When the BMC gets an out-of-range reading from the voltage-based leak detection sensor, it marks the Leak Detector’s Status:State as Degraded. The corresponding Voltage Sensor does not currently align its Status:State property with the Leak Detector to reflect the Degraded value.

Workaround

It is recommended to use the Leak Detector Redfish URIs to get the most accurate state of the leak detector system. The sensor will only provide the raw voltage value for diagnostic purposes.

Leak Detector URIs:
- /redfish/v1/Chassis/Chassis_0/ThermalSubsystem/LeakDetection/LeakDetectors/Chassis_0_LeakDetector_0_ColdPlate
- /redfish/v1/Chassis/Chassis_0/ThermalSubsystem/LeakDetection/LeakDetectors/Chassis_0_LeakDetector_0_Manifold
- /redfish/v1/Chassis/Chassis_0/ThermalSubsystem/LeakDetection/LeakDetectors/Chassis_0_LeakDetector_1_ColdPlate
- /redfish/v1/Chassis/Chassis_0/ThermalSubsystem/LeakDetection/LeakDetectors/Chassis_0_LeakDetector_1_Manifold
No mechanism to disable host IPMI interface.

This firmware release does not provide a mechanism to disable the host IPMI interface and any privileged user running on a compute tray can send IPMI commands to the BMC on the same compute tray.

Workaround

A future BMC firmware release will provide an interface to restrict host IPMI commands. In the meantime, necessary access controls need to be implemented on the compute trays to limit host privileged access by users not authorized to access the BMC.
BMC SKU ID is sometimes not available through Redfish.

The BMC’s SKU ID should be available through the following Redfish URI under the “SKU” property: /redfish/v1/Chassis/BMC_0

Due to a current issue on the BMC, this property may not be available on all systems.

Workaround

There is currently no known workaround. The plan is to resolve this issue for the next release.
Cannot set IPv6 address through Redfish.

There is a current BMC bug where setting the IPv6 through the following Redfish URI fails: /redfish/v1/Managers/BMC_0/NetworkProtocol

The command will return the following message:
```
"Message": "The property 'Address or Port' with the requested value of
'\"2620:10d:c0a3:103::9:7554\"' could not be written because the value does not
meet the constraints of the implementation."
```
This is a known issue and will be addressed in the next release.

Workaround

There is currently no known workaround. The plan is to resolve this issue for the next release.
No error Redfish response when credentials are not provided.

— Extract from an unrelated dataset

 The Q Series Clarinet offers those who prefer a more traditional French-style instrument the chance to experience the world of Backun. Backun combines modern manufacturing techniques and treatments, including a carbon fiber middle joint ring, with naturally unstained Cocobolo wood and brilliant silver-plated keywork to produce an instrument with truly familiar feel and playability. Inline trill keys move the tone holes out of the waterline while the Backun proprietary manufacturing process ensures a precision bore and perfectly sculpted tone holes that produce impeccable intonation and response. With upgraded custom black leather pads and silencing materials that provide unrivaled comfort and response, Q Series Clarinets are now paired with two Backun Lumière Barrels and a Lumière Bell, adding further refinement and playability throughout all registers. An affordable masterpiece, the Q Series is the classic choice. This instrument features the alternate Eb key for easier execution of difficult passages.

If no credentials are provided in a Redfish command, the BMC currently does not return an explicit message indicating the lack of credentials. A 401 Unauthorized response is still returned, and access is prevented. This only applies if no credentials are provided. If credentials are provided but are incorrect, then the BMC will return a message indicating invalid credentials.

Workaround

The return code can be checked to confirm the status of the command. The 401 will indicate to the user that access was unauthorized.
Redfish GPU_0/Ports/NVLink_0, the property “LinkState” value does not change after a DC Cycle.

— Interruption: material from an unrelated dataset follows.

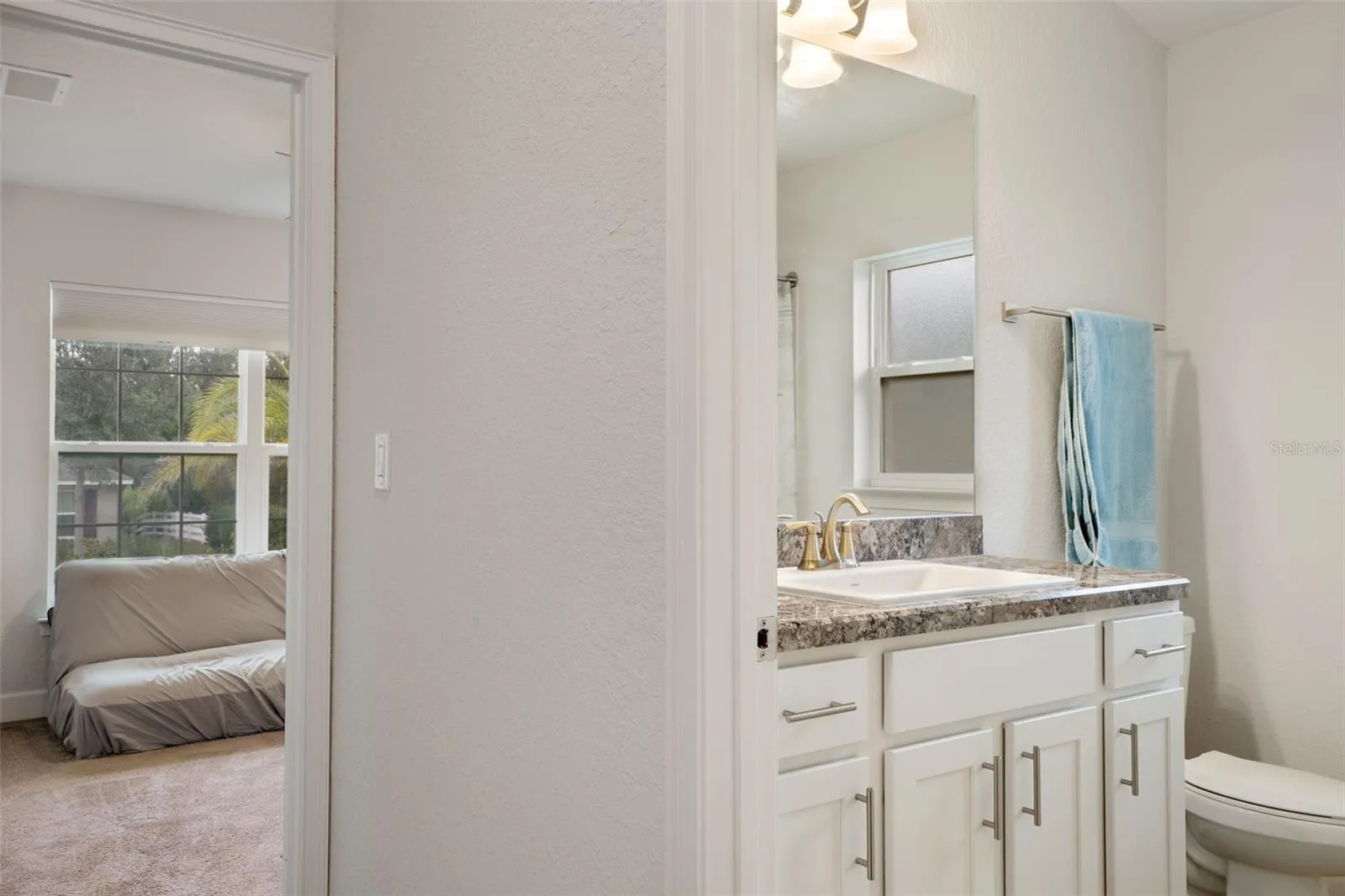The split layout includes two comfortable guest bedrooms with a full guest bath. A convenient laundry room offers extra storage and organization.

NVLinks that were previously disabled through Redfish continue to report the LinkState as Enabled and LinkStatus as LinkUp.

Workaround

Use host reporting tools (nvidia-smi/NVML/DCGM) to fetch the NVLink status for disabled links.
No option in the webgui to power on the system.

Currently, there is no option to power on the system from the BMC Webgui.

Workaround

Use redfish or ipmitool to power on the system.
On certain DGX GB200 NVSwitch platforms, the switch reboot history may display multiple unexpected reboots with the reason shown as Platform reset (retrieved using the NVOS command: nv show sys reboot -o json | jq -r .reason). NVIDIA plans to include a fix in a future NVOS release.
[5770595] Leak detector voltage values read through the compute tray BMC via ipmi are clamped to 0.165 and 1.815.

Workaround

In order to read the correct voltage value if the sensor is outside of that range, read the sensor value through redfish under Chassis_0/Sensors.

Customers are always advised to use the standard Leak Detection methods under /redfish/v1/Chassis/Chassis_0/ThermalSubsystem/LeakDetection/LeakDetectors for determining if a leak is present rather than reading the voltage value of the sensor directly.